## Bar Chart: Average Accuracy of each LLM and PRM combination using Best-of-N
### Overview
The chart compares the average accuracy of different large language model (LLM) and prompt retrieval model (PRM) combinations across four LLM variants. Accuracy is measured using Best-of-N sampling, with results presented as percentages.
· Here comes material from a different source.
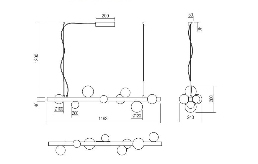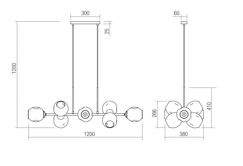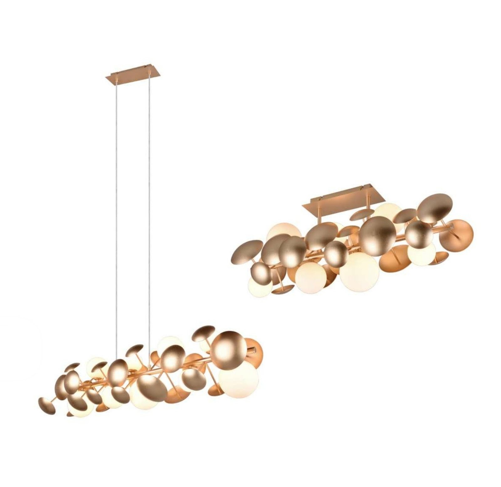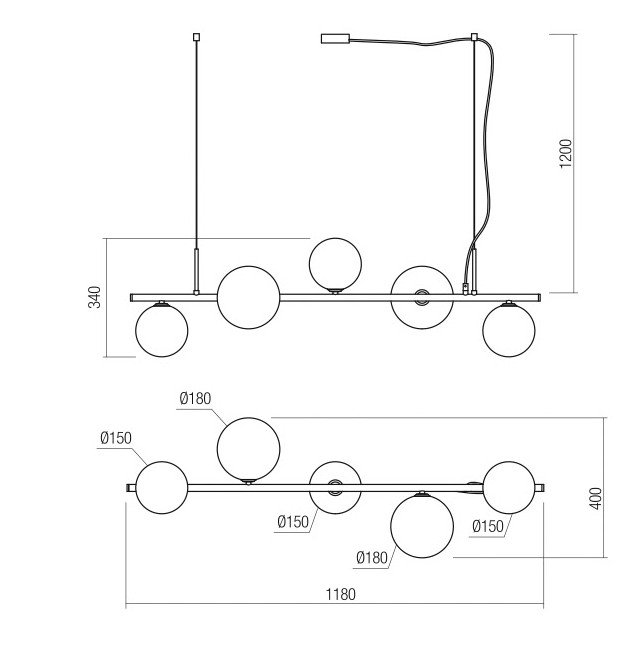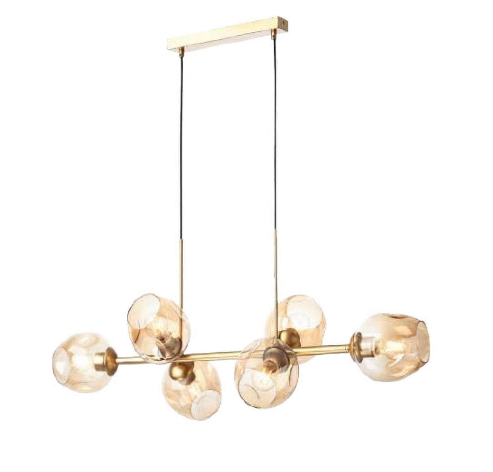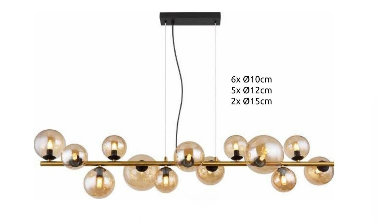 Donde predominan las tulipas de cristal con acabados en transparente, opal blanco, cristal ámbar. Diferentes medidas y numero de luces para cubrir la iluminación de la mesa y evitar sombras. La principal características de todas estas lámparas es la medida, todas tienen entre de 100 cm y 120cm de largo.

The chart includes five data series: Accuracy@1 (baseline) and four PRM configurations.
### Components/Axes
- **X-axis**: LLM variants (categorical)
- Qwen2.5-7B-Instruct
- Eurus-2-7B-PRIME
- Phi-4-14B
- Qwen2.5-7B-AIRL-S (Our LLM)
- **Y-axis**: Accuracy (%) from 40 to 65
- **Legend**: Top-left corner with five entries:
- Pink: Accuracy@1 (baseline)
- Light orange: Math-Shepherd-Mistral-7B-PRM
- Light green: EurusPRM-Stage2
- Dark green: Llama3.1-8B-PRM-Deepseek-Data
- Dark gray: Qwen2.5-AIRL-S-PRM (Ours PRM)
### Detailed Analysis
#### Qwen2.5-7B-Instruct
- Accuracy@1: 40.8% (pink)
- Math-Shepherd-Mistral-7B-PRM: 51.1% (light orange)
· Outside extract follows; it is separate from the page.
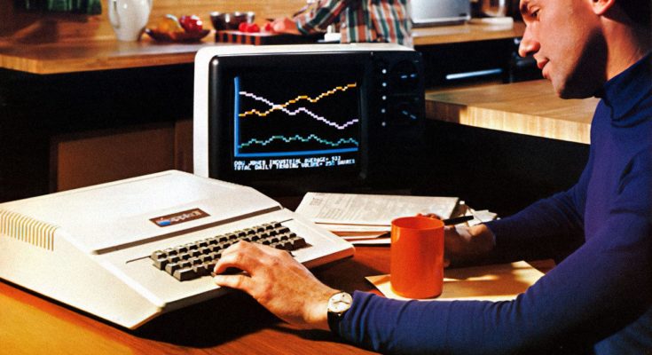 Um homem usando um Apple II em uma cozinha, década de 1970, em um anúncio antigo do Apple II.

- EurusPRM-Stage2: 52.6% (light green)
- Llama3.1-8B-PRM-Deepseek-Data: 53.2% (dark green)
- Qwen2.5-AIRL-S-PRM: 53.8% (dark gray)
#### Eurus-2-7B-PRIME
- Accuracy@1: 51.9% (pink)
- Math-Shepherd-Mistral-7B-PRM: 56.3% (light orange)
- EurusPRM-Stage2: 56.1% (light green)
- Llama3.1-8B-PRM-Deepseek-Data: 57.3% (dark green)
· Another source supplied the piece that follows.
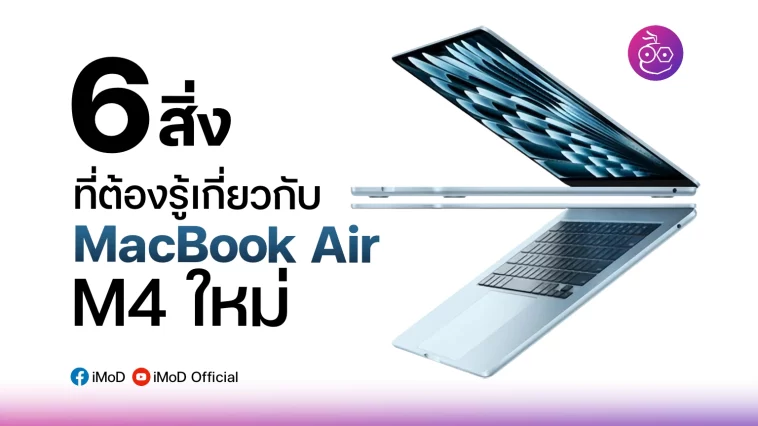 Apple เปิดตัว MacBook Air ใหม่มาพร้อมชิป M4 เมื่อวันที่ 5 มีนาคมที่ผ่านมา โดยยังคงดีไซน์บางเบาตามเอกลักษณ์ของตระกูล Air จุดเด่นของ MacBook Air รุ่นใหม่นี้มีหลายอย่างที่น่าสนใจ เรามาชม 6 สิ่งที่ควรรู้เกี่ยวกับ MacBook Air รุ่นล่าสุดนี้กัน

- Qwen2.5-AIRL-S-PRM: 57.6% (dark gray)
#### Phi-4-14B
- Accuracy@1: 45.5% (pink)
- Math-Shepherd-Mistral-7B-PRM: 53.7% (light orange)
- EurusPRM-Stage2: 54.5% (light green)
- Llama3.1-8B-PRM-Deepseek-Data: 55.5% (dark green)
- Qwen2.5-AIRL-S-PRM: 56.1% (dark gray)
#### Qwen2.5-7B-AIRL-S (Our LLM)
- Accuracy@1: 55.3% (pink)
- Math-Shepherd-Mistral-7B-PRM: 59.8% (light orange)
- EurusPRM-Stage2: 60.2% (light green)
- Llama3.1-8B-PRM-Deepseek-Data: 59.3% (dark green)
- Qwen2.5-AIRL-S-PRM: 61.3% (dark gray)
### Key Observations
1. **Consistent PRM Performance**: All PRM configurations outperform Accuracy@1 across all LLM variants.
2. **Best-of-N Effect**: Accuracy improves with Best-of-N sampling, with the highest gains in Qwen2.5-7B-AIRL-S (Our LLM).
3. **Top Performer**: Qwen2.5-AIRL-S-PRM (dark gray) achieves the highest accuracy (61.3%) in the final LLM variant.
4. **Baseline Variability**: Accuracy@1 ranges from 40.8% (Qwen2.5-7B-Instruct) to 55.3% (Qwen2.5-7B-AIRL-S).
### Interpretation
The data demonstrates that PRM integration significantly enhances LLM performance, with the "Ours PRM" (Qwen2.5-AIRL-S-PRM) consistently achieving the highest accuracy across all LLM variants. The Qwen2.5-7B-AIRL-S model shows the most substantial improvement (from 55.3% baseline to 61.3% with PRM), suggesting that its architecture synergizes particularly well with the PRM. The Math-Shepherd-Mistral-7B-PRM and EurusPRM-Stage2 configurations also show strong performance, though slightly behind the "Ours PRM" variant. The progressive increase in baseline accuracy from Qwen2.5-7B-Instruct (40.8%) to Qwen2.5-7B-AIRL-S (55.3%) indicates that model architecture improvements alone contribute to performance gains, but PRM integration remains critical for maximizing accuracy.